• _Task prompt_: Return the full listing word for word, but drop every picture from it.

• _Information shown_:
- Opening Delimiter -

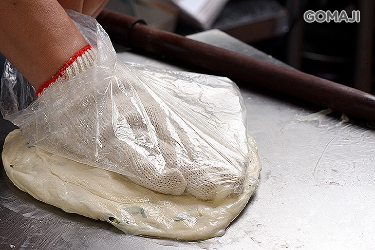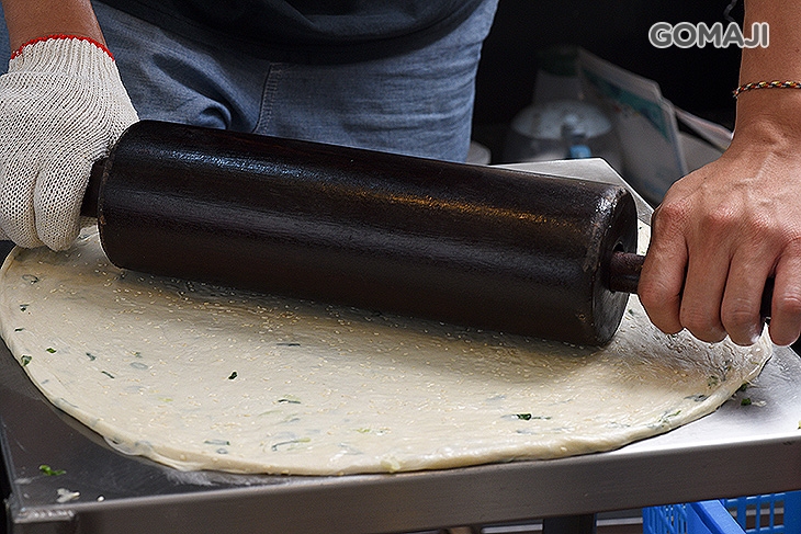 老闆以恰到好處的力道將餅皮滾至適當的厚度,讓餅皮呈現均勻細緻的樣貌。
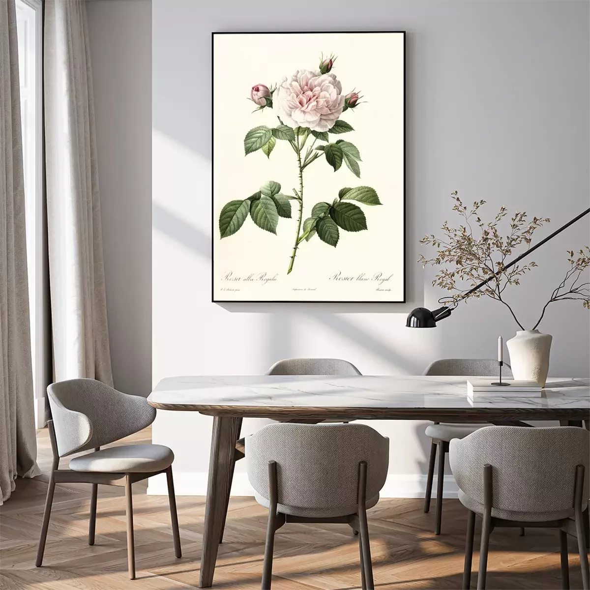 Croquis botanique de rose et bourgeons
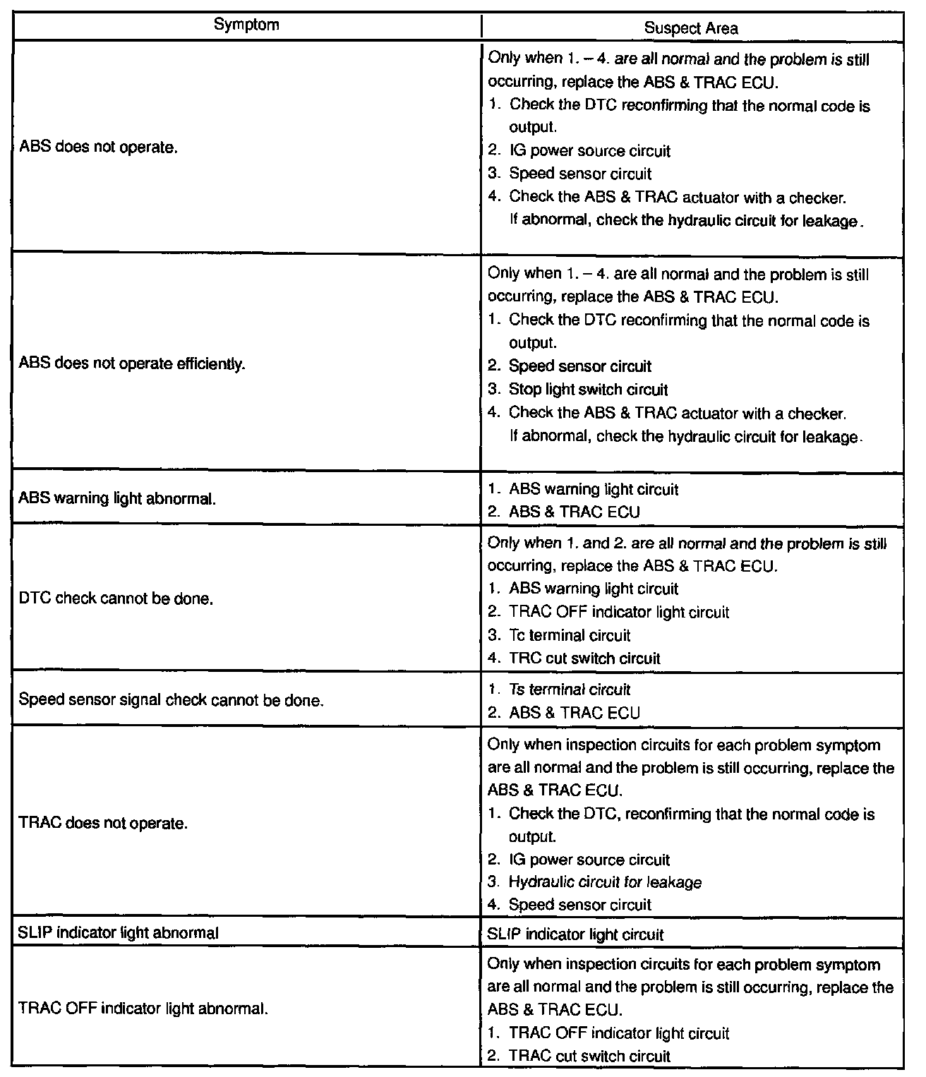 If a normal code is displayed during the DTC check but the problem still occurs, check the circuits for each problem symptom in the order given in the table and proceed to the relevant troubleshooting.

- Closing Delimiter -

• _Response_:
 老闆以恰到好處的力道將餅皮滾至適當的厚度,讓餅皮呈現均勻細緻的樣貌。
 Croquis botanique de rose et bourgeons
 If a normal code is displayed during the DTC check but the problem still occurs, check the circuits for each problem symptom in the order given in the table and proceed to the relevant troubleshooting.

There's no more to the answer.